Detection Methods for CVE-2026-35436
Indicators of Compromise
- Unexpected child processes spawned by OfficeClickToRun.exe running as SYSTEM or another elevated account.
- File writes or modifications under Click-To-Run package directories by non-administrative users.
- Service control or named-pipe interactions with the Click-To-Run service originating from standard user contexts.
Detection Strategies
- Hunt for privilege transitions where a low-integrity process triggers a Click-To-Run operation that results in SYSTEM-level activity.
- Alert on creation of new scheduled tasks, services, or persistence mechanisms shortly after Click-To-Run service interactions.
- Correlate Office update or repair events with subsequent execution of non-Office binaries from writable paths.
Monitoring Recommendations
- Enable Windows process creation auditing (Event ID 4688) with command-line logging on systems running Microsoft Office.

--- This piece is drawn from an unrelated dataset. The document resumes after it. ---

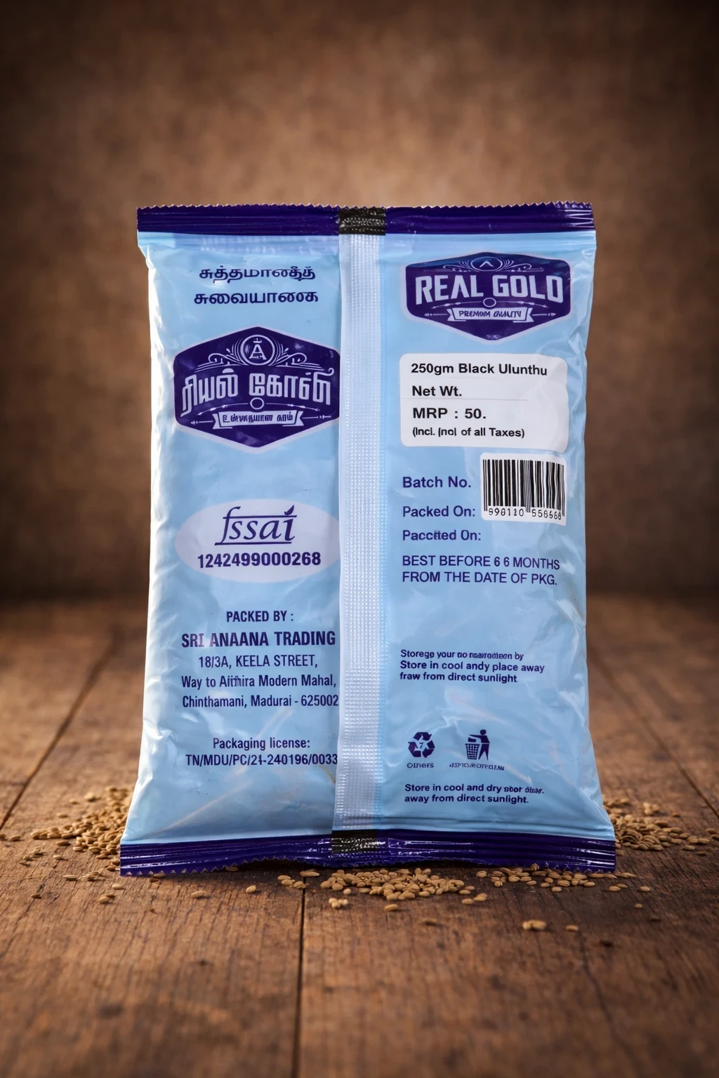 Black Ulunthu (Whole Black Gram) is a highly nutritious traditional pulse widely used in South Indian cooking. Rich in protein, iron, calcium, and fiber, it helps support strong bones, healthy digestion, and overall body strength. This 250gm pack contains premium quality whole black urad dal, carefully cleaned and packed to retain freshness and natural nutrients. It is ideal for preparing dosa, idli batter, kali, ladoo, and various healthy home-style recipes.

- Monitor Sysmon Event IDs 1, 7, and 11 for unusual module loads and file operations associated with the Click-To-Run process tree.

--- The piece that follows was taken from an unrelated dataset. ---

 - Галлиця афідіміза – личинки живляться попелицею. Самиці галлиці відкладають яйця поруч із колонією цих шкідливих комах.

- Review endpoint telemetry for anomalous tokens or impersonation events tied to the Click-To-Run service.
How to Mitigate CVE-2026-35436
Immediate Actions Required
- Apply the Microsoft security update referenced in the MSRC advisory for CVE-2026-35436 to all Office installations.
- Inventory endpoints running Microsoft Office Click-To-Run and prioritize patching of multi-user systems and privileged workstations.
- Restrict interactive local logon on shared hosts to reduce the population of users able to exploit local privilege escalation.
Patch Information
Microsoft addressed CVE-2026-35436 through its standard Office update channel. Click-To-Run installations typically receive updates automatically, but administrators should confirm that the current Office build matches the fixed version listed in the MSRC advisory. Air-gapped or update-deferred environments must trigger the update manually through the Office Deployment Tool.
Workarounds
- Limit local logon rights and remove standard users from systems where Office Click-To-Run is installed until patching completes.
- Enforce application control policies that restrict execution of binaries from user-writable paths invoked by Click-To-Run.
- Disable unattended sessions and increase monitoring on shared or kiosk endpoints where local access is unavoidable.
# Verify the installed Click-To-Run version on a Windows host
reg query "HKLM\SOFTWARE\Microsoft\Office\ClickToRun\Configuration" /v VersionToReport
# Force an Office update via the Click-To-Run client
"C:\Program Files\Common Files\Microsoft Shared\ClickToRun\OfficeC2RClient.exe" /update user
Disclaimer: This content was generated using AI. While we strive for accuracy, please verify critical information with official sources.